The problem :: Copy only what lies from the line containing "op de planeet." through the line containing "Marc Jacobs Fuchsia" in the entries below, keeping both end lines exact and dropping every picture.

Data under study ::

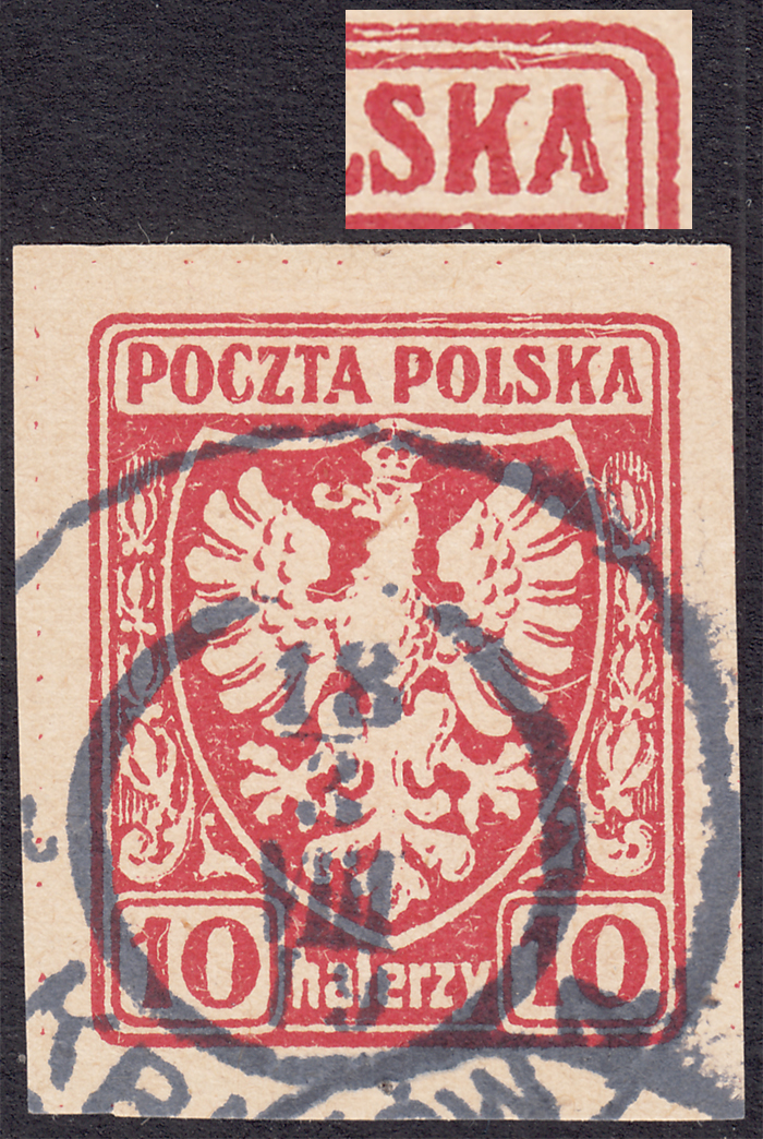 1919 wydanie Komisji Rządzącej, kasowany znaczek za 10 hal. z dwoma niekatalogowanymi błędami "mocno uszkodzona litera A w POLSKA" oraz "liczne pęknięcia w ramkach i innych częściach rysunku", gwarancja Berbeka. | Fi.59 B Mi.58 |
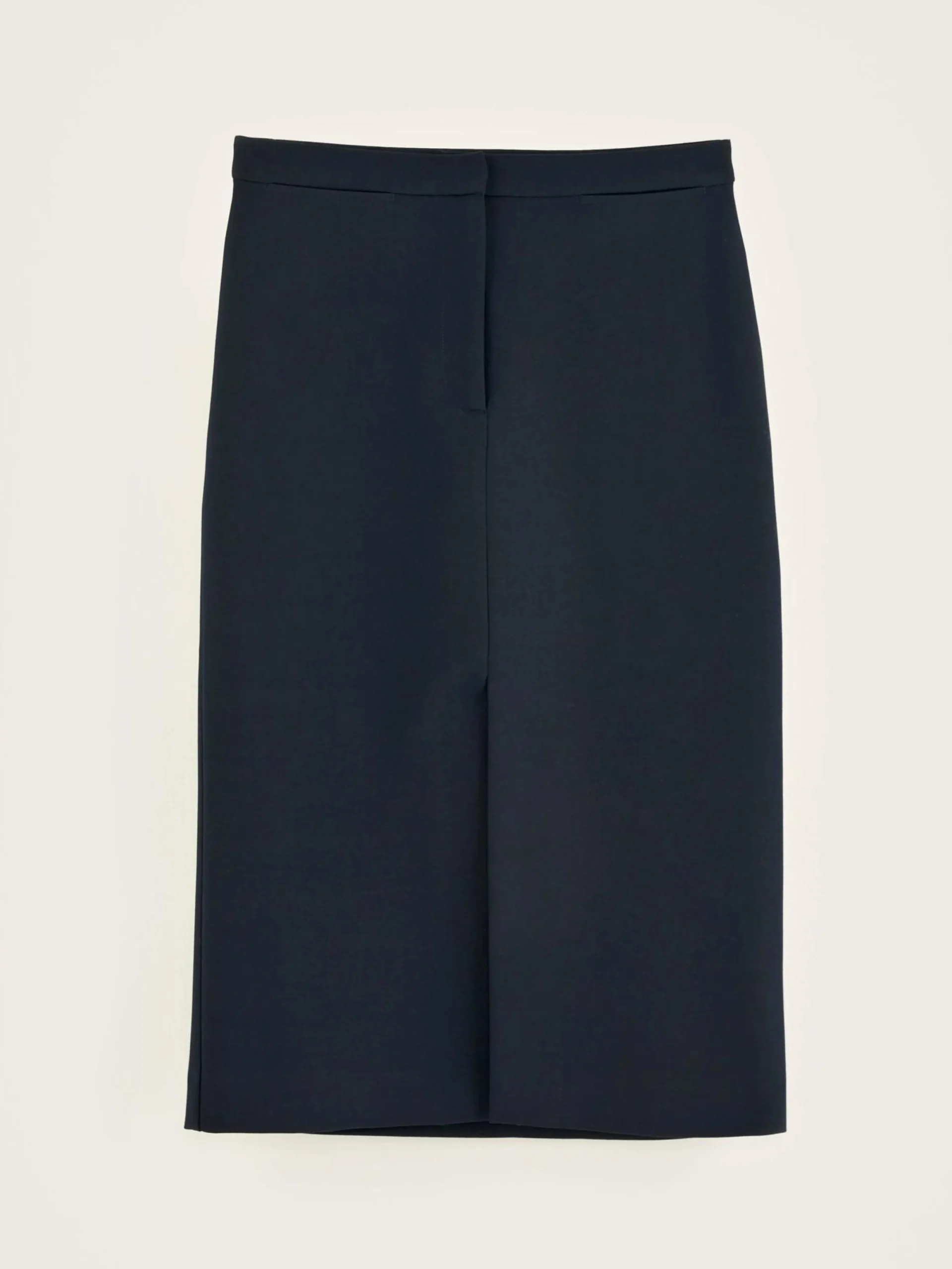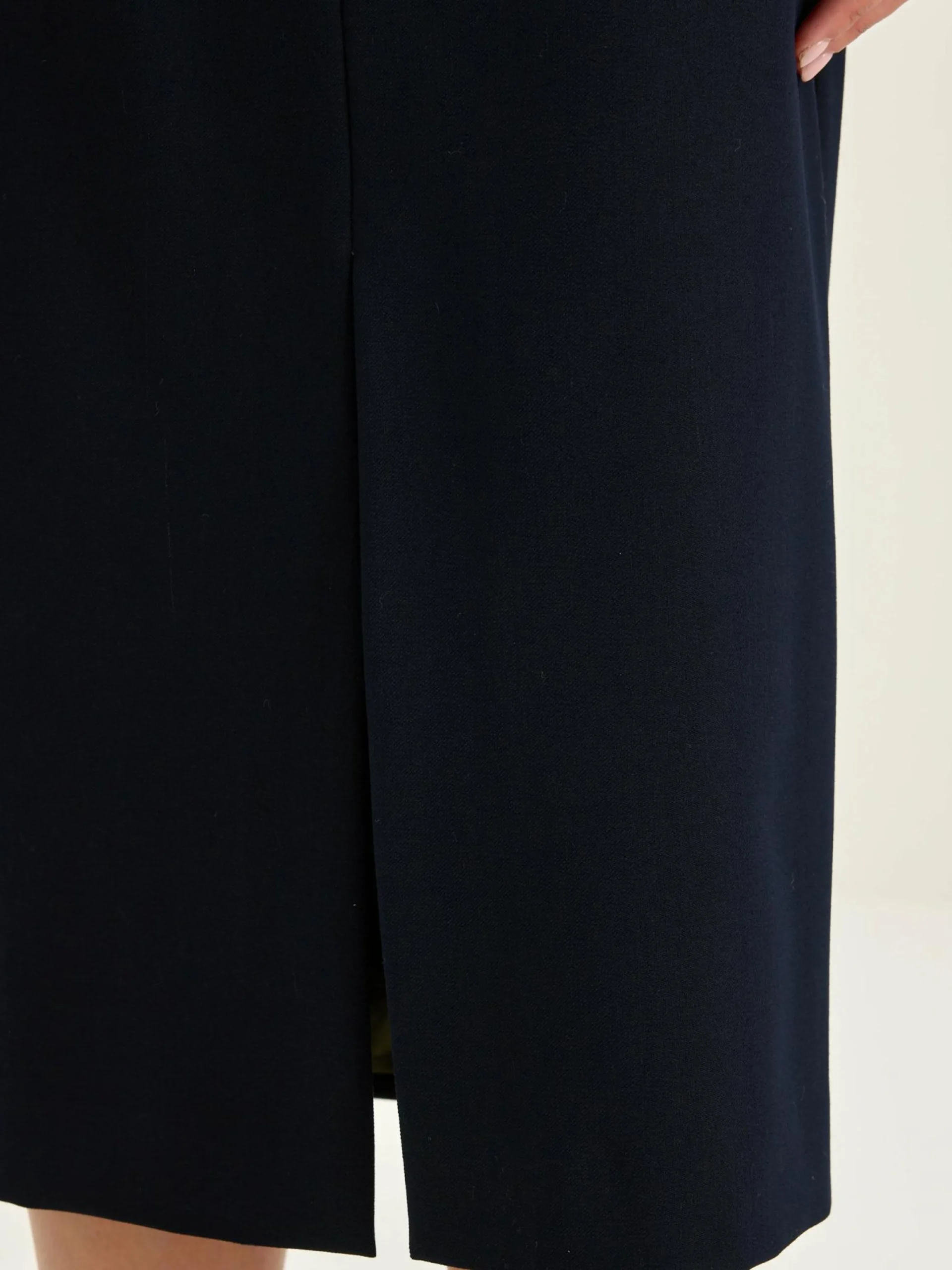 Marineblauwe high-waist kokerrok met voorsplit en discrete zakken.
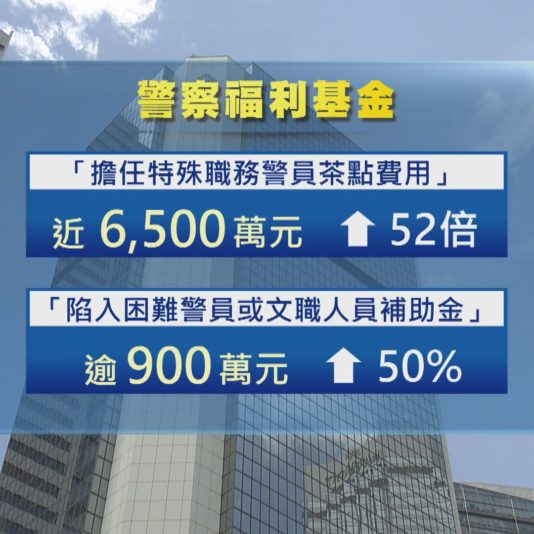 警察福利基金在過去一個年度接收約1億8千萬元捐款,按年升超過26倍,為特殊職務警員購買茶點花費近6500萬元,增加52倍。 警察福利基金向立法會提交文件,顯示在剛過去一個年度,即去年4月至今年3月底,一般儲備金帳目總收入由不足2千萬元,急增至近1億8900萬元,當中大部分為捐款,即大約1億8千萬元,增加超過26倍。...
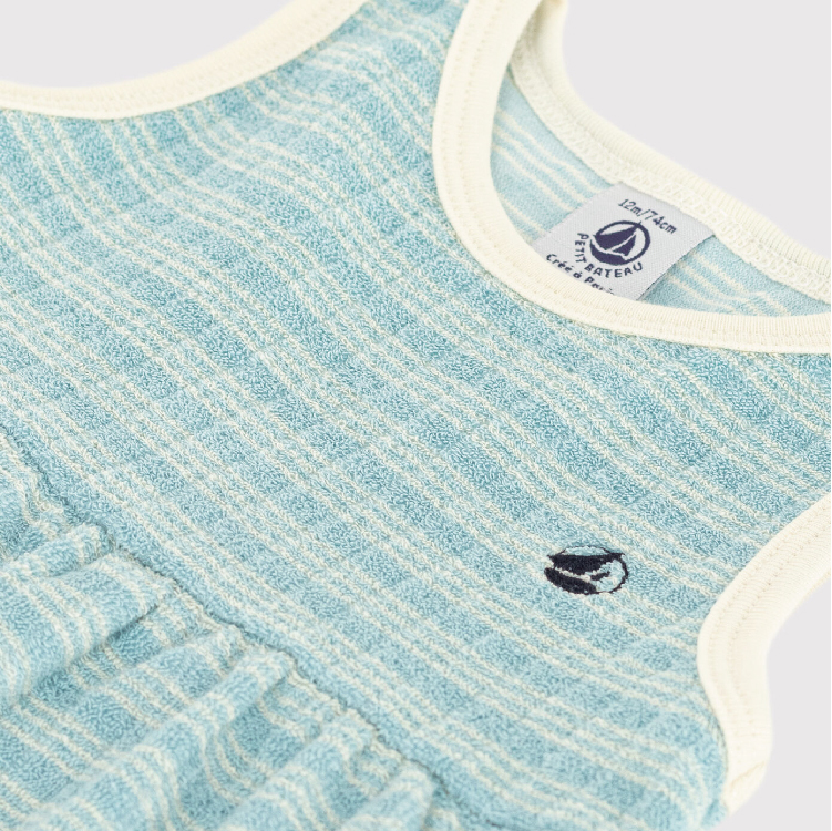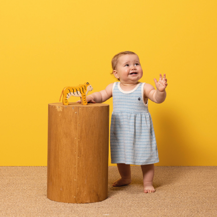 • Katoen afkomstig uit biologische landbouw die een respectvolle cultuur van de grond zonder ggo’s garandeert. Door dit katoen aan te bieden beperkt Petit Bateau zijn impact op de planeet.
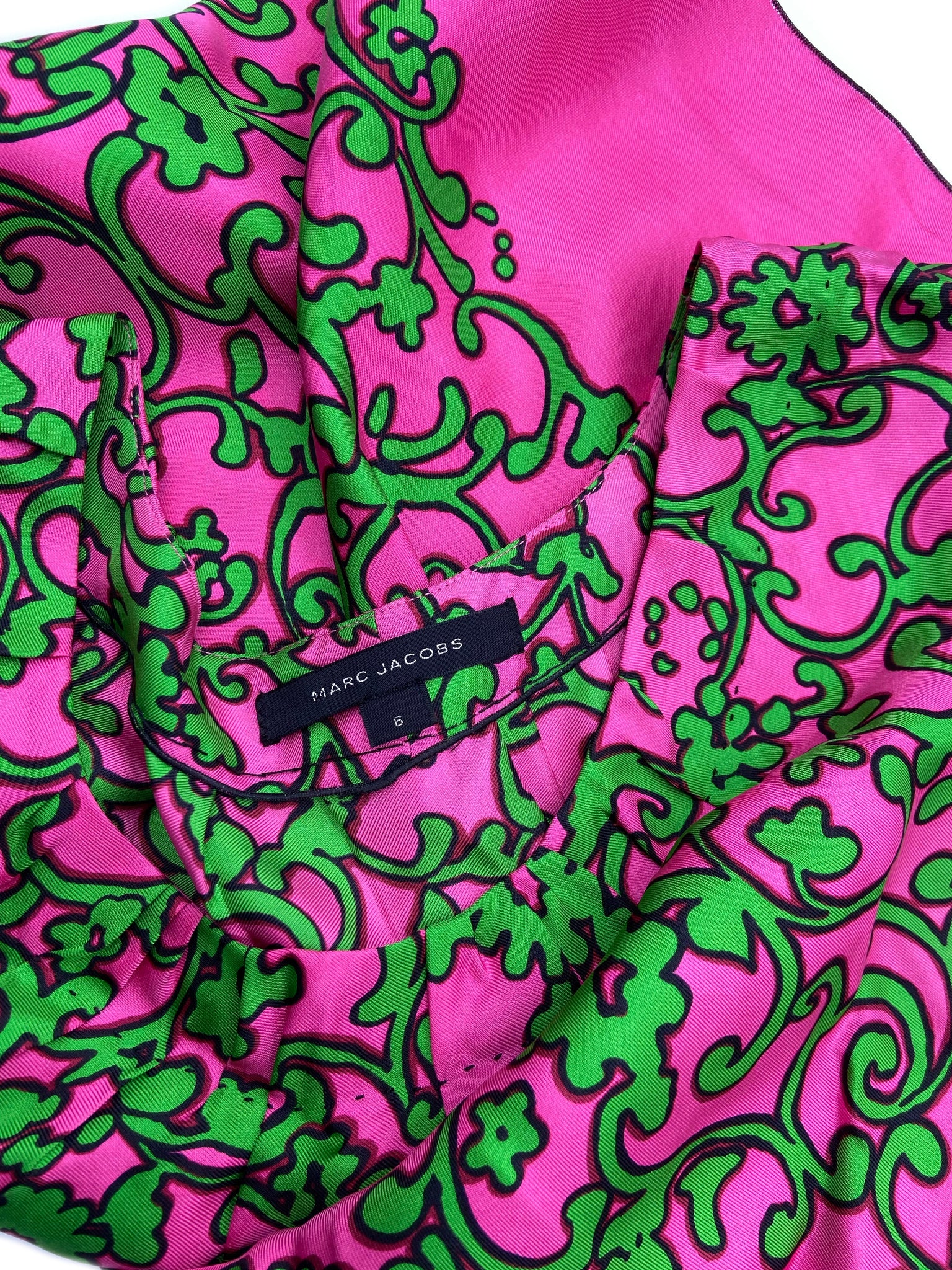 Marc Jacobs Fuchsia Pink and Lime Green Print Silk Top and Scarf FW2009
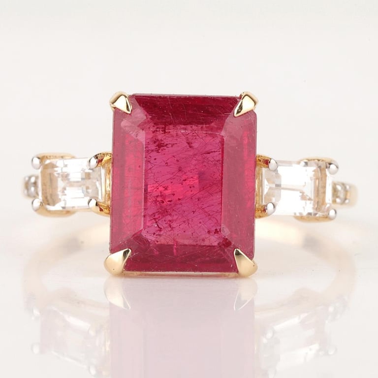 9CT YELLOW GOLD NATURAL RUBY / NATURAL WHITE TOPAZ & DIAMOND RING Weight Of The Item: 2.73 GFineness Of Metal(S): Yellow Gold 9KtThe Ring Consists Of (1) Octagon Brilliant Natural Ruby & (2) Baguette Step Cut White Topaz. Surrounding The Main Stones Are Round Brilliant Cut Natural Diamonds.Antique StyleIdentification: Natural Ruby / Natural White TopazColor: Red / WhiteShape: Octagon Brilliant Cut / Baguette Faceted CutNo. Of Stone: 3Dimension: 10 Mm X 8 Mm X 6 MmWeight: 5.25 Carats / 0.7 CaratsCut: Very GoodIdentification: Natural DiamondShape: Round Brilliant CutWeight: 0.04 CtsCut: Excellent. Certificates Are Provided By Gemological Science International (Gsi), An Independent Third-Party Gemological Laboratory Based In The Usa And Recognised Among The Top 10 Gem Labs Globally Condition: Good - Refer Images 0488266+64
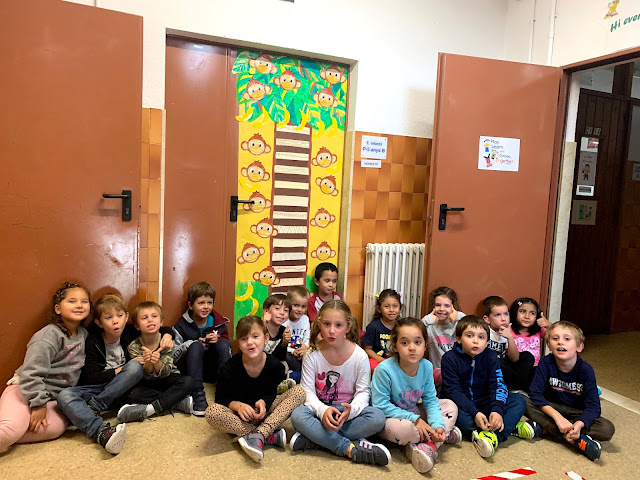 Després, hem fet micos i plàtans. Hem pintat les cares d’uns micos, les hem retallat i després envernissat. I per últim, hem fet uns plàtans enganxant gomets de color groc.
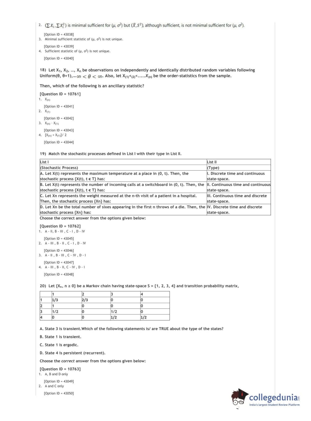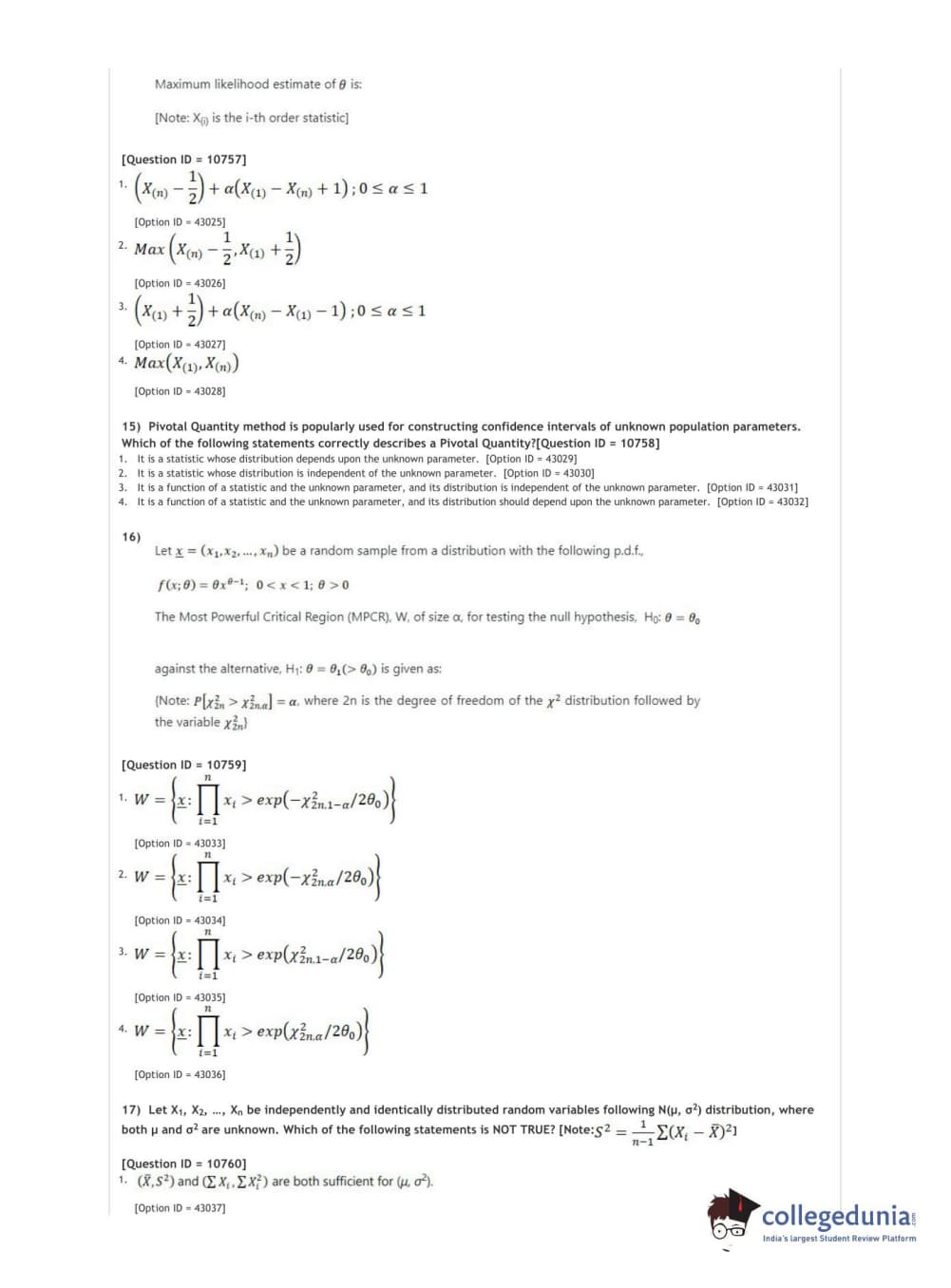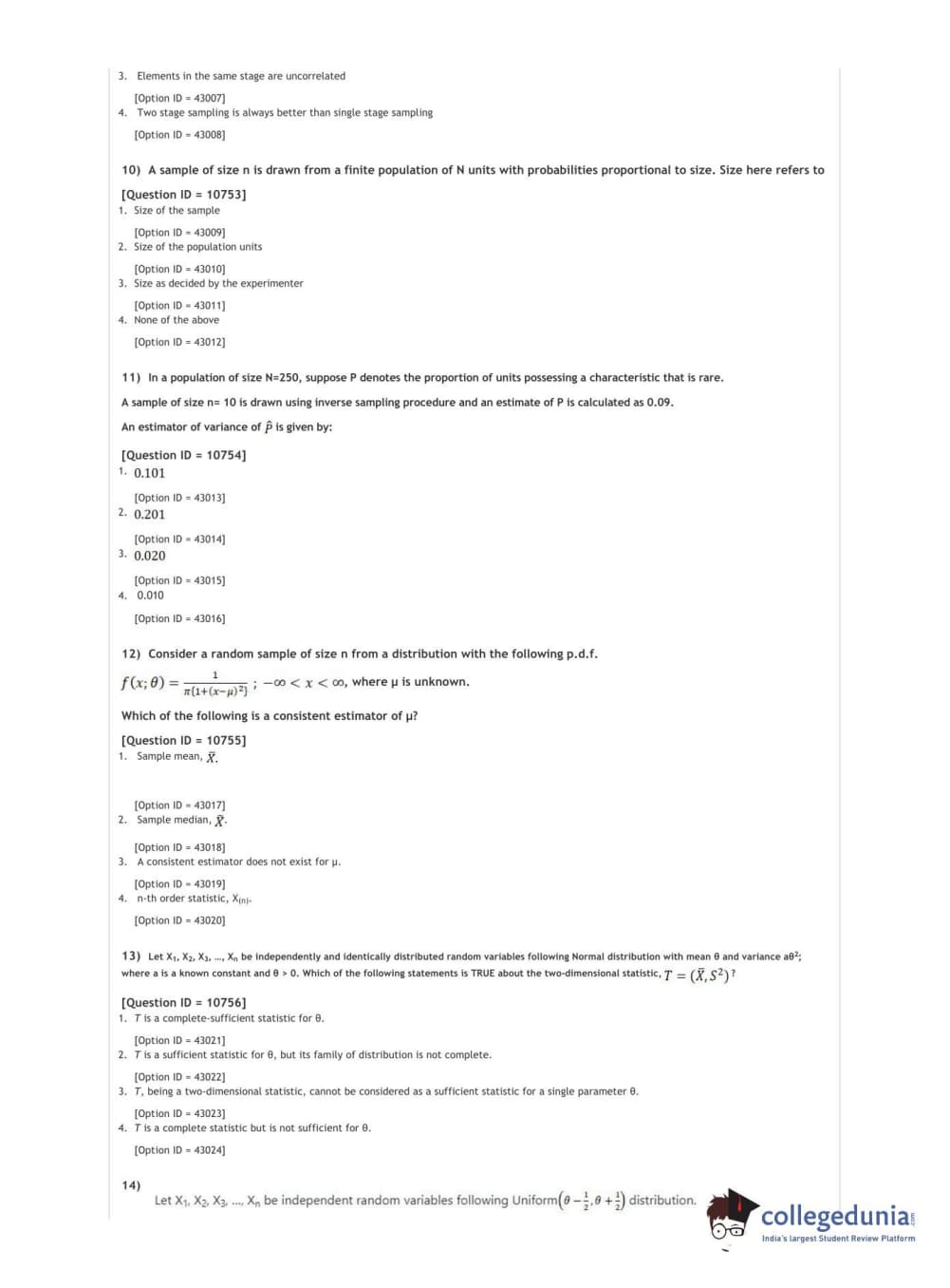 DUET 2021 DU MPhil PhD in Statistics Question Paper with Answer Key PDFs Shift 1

Reply to the task ::
 • Katoen afkomstig uit biologische landbouw die een respectvolle cultuur van de grond zonder ggo’s garandeert. Door dit katoen aan te bieden beperkt Petit Bateau zijn impact op de planeet.
 Marc Jacobs Fuchsia Pink and Lime Green Print Silk Top and Scarf FW2009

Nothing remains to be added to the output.